RFID technology company eAgile is marketing a solution known as eSeal that aims to enable the automatic tracking of containers of medication from the point of manufacture to the drugstore counter or a patient’s hospital bedside. The eSeal is an ultrahigh-frequency (UHF) RFID-enabled cap that can be attached to a bottle of prescription or over-the-counter medication, and would then be tracked throughout the supply chain via eAgile’s software.
EAgile, based in Grand Rapids, Mich., offers a variety of RFID-based solutions. The company began looking into new markets in recent years, and zeroed in on pharmaceuticals and health care. “We were looking at where RFID could provide more value and service to society,” says Gary Burns, eAgile’s CEO. Medical errors lead to illness and death at a rate of 400,000 times annually, according to Burns, and many of those are the result of patients taking the wrong medications or taking drugs at the wrong dose. In addition, counterfeit products make their way into the supply chain, which can also impact patient health.
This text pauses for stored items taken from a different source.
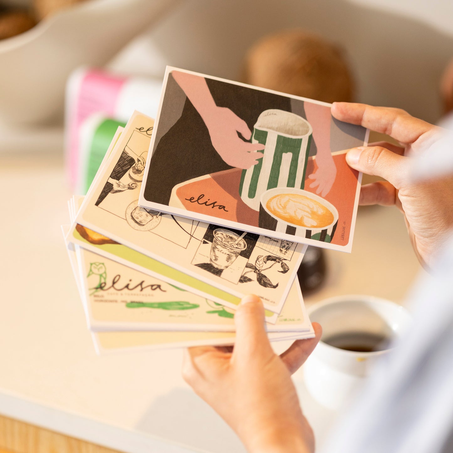 Kit exclusivo com 8 cartões e envelopes ilustrados pela artista Luma Lage, inspirados no universo do café. Cada peça traz traços delicados e referências sutis ao ritual de preparar e apreciar um bom café.
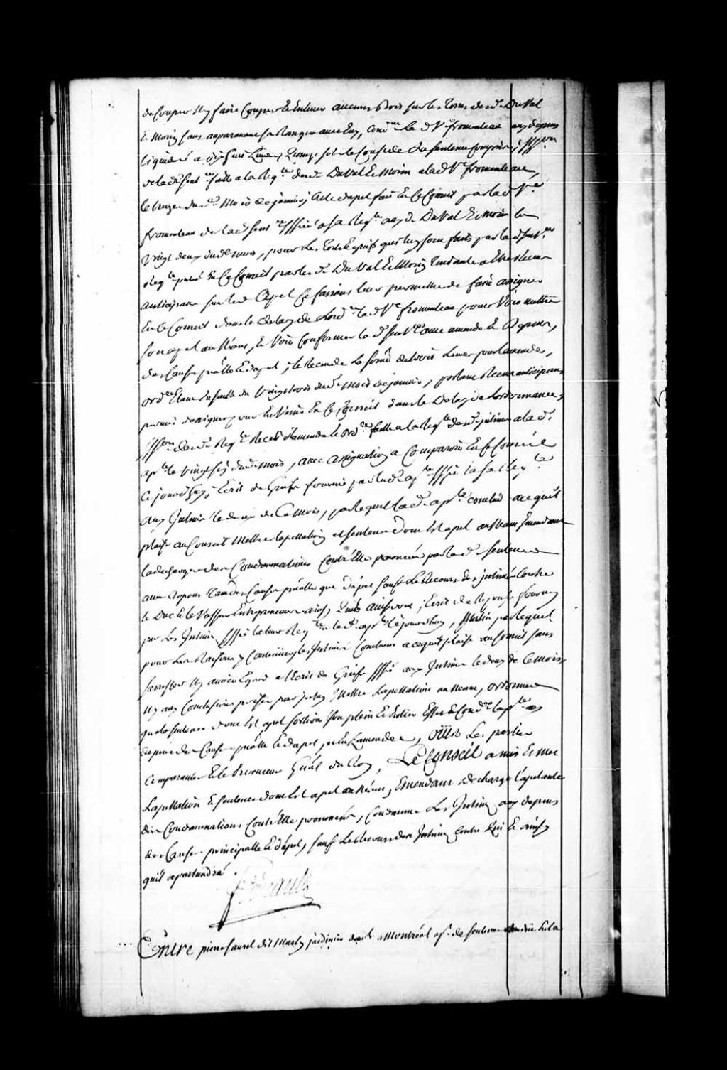 Arrêt qui continue l'audience à lundi prochain auquel jour sera fait droit définitivement, tant en présence qu'absence, dans la cause entre Pierre Saurel dit Marly, jardinier demeurant à Montréal, représenté par maître Panet, notaire royal, son procureur, appelant de la sentence rendue en la Juridiction de Montréal, le 24 juin 1758, contre Pierre Miville, charpentier, représenté par maître Decharnay, 5 mars 1759, Archives nationales à Québec, Fonds Conseil souverain, (03Q,TP1,S28,P21516).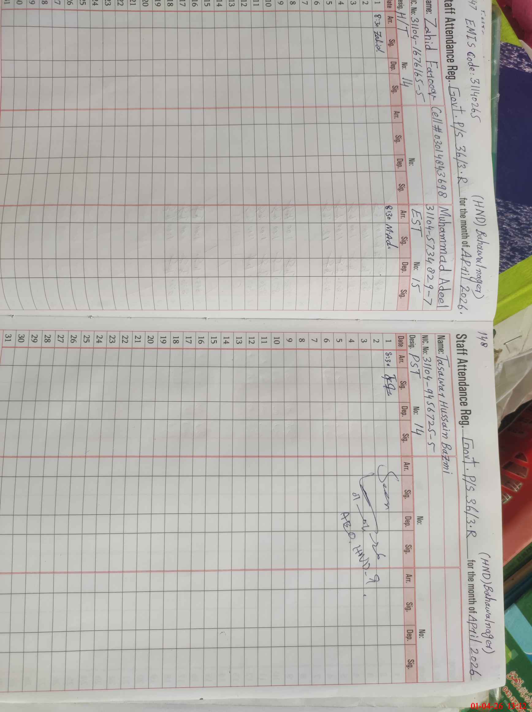 | Name: Za**** Fa**** Designation: (School Headmaster's/Headmistress's) PST Phone/Cell Number: 03**** |
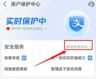 2、点击前往安全中心。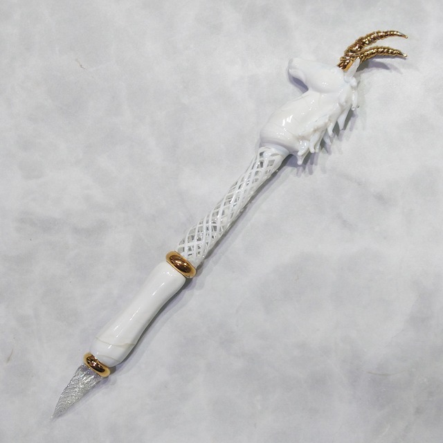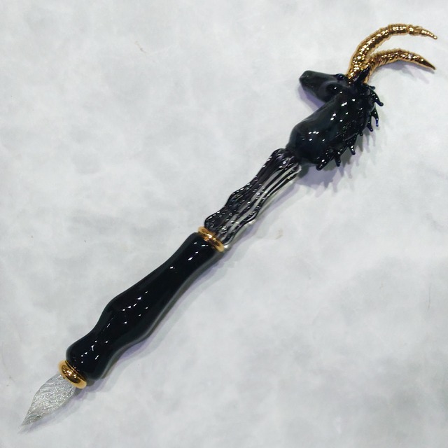 It is a shaped glass pen decorated with the heads of bicorns, which are mythical creatures like unicorns. The marble-like texture is combined with gold paint to create a classy piece. The cross section of the grip is octagonal and the lace line is straight in Gothic style. Lengh about 21cm ユニコーンと並ぶ神話の生物バイコーンの頭を飾りに付けた造形ガラスペンです。 大理石調のテクスチャに金彩を組み合わせ、高級感のある作品に仕上げました。 グリップの断面は八角形でレースラインはストレートラインにしてゴシック様式になっています。 長さ約21cm

So by the third quarter of 2015, eAgile was beta-testing the eSeal, as well as its related hardware infrastructure and management software. The long-term goal, Burns says, is for the system to track every bottle from factory to consumer, though it had been initially tested by an unnamed nutraceutical company at its manufacturing facilities so that the firm could identify when its medications were bottled and shipped. That nutraceutical company has completed the beta-testing and is now ordering the caps in the millions, he reports, and plans to extend the system’s use into distribution centers as well.
The eSeal solution integrates a uniquely encoded RFID inlay between a pharmaceutical bottle’s closure and seal, with eAgile providing a complete cap and seal compatible with a drug manufacturer’s existing production equipment. The eSeal caps and closures are made with the exact diameter of existing caps and closures that drug makers currently use to seal medicine-filled bottles. “There’s already great uniformity in the nature of enclosures,” Burns states.
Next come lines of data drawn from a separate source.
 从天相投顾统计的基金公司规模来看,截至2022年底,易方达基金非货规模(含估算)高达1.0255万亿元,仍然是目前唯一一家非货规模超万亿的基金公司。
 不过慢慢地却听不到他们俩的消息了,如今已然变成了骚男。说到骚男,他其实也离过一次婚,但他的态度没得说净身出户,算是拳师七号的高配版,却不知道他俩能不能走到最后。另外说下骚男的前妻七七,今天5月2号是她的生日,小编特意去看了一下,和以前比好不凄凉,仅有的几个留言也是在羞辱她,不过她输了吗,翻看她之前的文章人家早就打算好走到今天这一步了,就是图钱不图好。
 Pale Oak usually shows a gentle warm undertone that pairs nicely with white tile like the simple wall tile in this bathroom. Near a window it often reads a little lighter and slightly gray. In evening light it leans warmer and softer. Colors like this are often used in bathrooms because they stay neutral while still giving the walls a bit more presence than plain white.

Currently, the eSeal cap is made with an Impinj passive UHF RFID chip. The chip and inlay are located between the cap’s closure and seal. The chip stores a unique identifier that can be linked to the product’s name, strength, serial number and batch number, as well as to the date and location of manufacture. A version of the eSeal cap is available whereby if a cap’s seal has been broken, its chip will cease to function, thereby serving to alert a manufacture that someone may have tampered with that bottle.
Once an eSeal cap is attached to a container filled with medication, its RFID tag can be interrogated by multiple makes and models of readers, installed by eAgile. In this way, the system confirms the product’s serial number and links that information to the batch data in the eAgile software, which forwards that data to the user’s own management software.
During the beta trial, the eSeal caps were read in this manner, following bottling, and again at the point at which cartons of product were palletized and shrink-wrapped, thus creating a record of what was being shipped, as well as when this occurred. If the tag IDs read at that time did not match the ordered products, software could display an alert to correct a problem before the shipment was delivered to a customer.
RFID tags attached to cartons or pallets could also be married to the eSeal tag ID numbers. This would enable the software to track which items should be in which carton or on what pallet, and thereby indicate any potential discrepancies.
That data could be shared with consumers, if the pharmaceutical company chooses to do so, as well as with distributors. If RFID readers were installed at warehouses, drugstores or hospitals, a complete chain of custody could be tracked. If, at any point, a cap’s RFID tag was not read, Burns says, the software could identify the problem, and employees could then determine whether a bottle had gone missing, a counterfeit had been introduced to replace a valid bottle, or a bottle had been opened and its seal broken.
At the drugstore or hospital, the RFID tags could be interrogated again before medications were dispensed to a patient. This would help to ensure that no mistakes were being made.
In approximately the third quarter of this year, Burns says, eAgile will introduce eSeal caps that incorporate EM Microelectronic‘s EM4423 chip, which operates at both the UHF and high-frequency (HF) RFID bands and complies with the ISO 14443 Type A and EPC Gen2v2 (ISO 18000-63) standards (see Inlay Companies Testing EM Micro’s Dual NFC and EPC Chip). The company will also offer a version of the eSeal cap or closure with an NXP Semiconductors HF RFID chip complying with the ISO 15693 standard.
According to Burns, the HF RFID technology will enable consumers to use the Near Field Communication (NFC) functionality of their own smartphones to learn about the drugs they are taking. A person would not require an app to do so. He or she would simply tap the phone against the bottle cap, and the phone’s NFC RFID reader would capture the tag’s ID and proceed directly to the brand-owner’s website, where that individual could be informed whether that product was authentic. Furthermore, the system could ask if the user had any dosage questions, and whether or she wanted to view additional information about the product.
Some companies are already offering apps for patients, Burns reports, to make sure that they or their loved ones are taking medications on time. With the NFC-compatible eSeal caps, he explains, they could capture that information automatically and forward it to any interested parties, such as caretakers, health-care providers or family members.
“We’re really excited about the eSeal,” Burns states, “because it offers such a broad array of benefits.”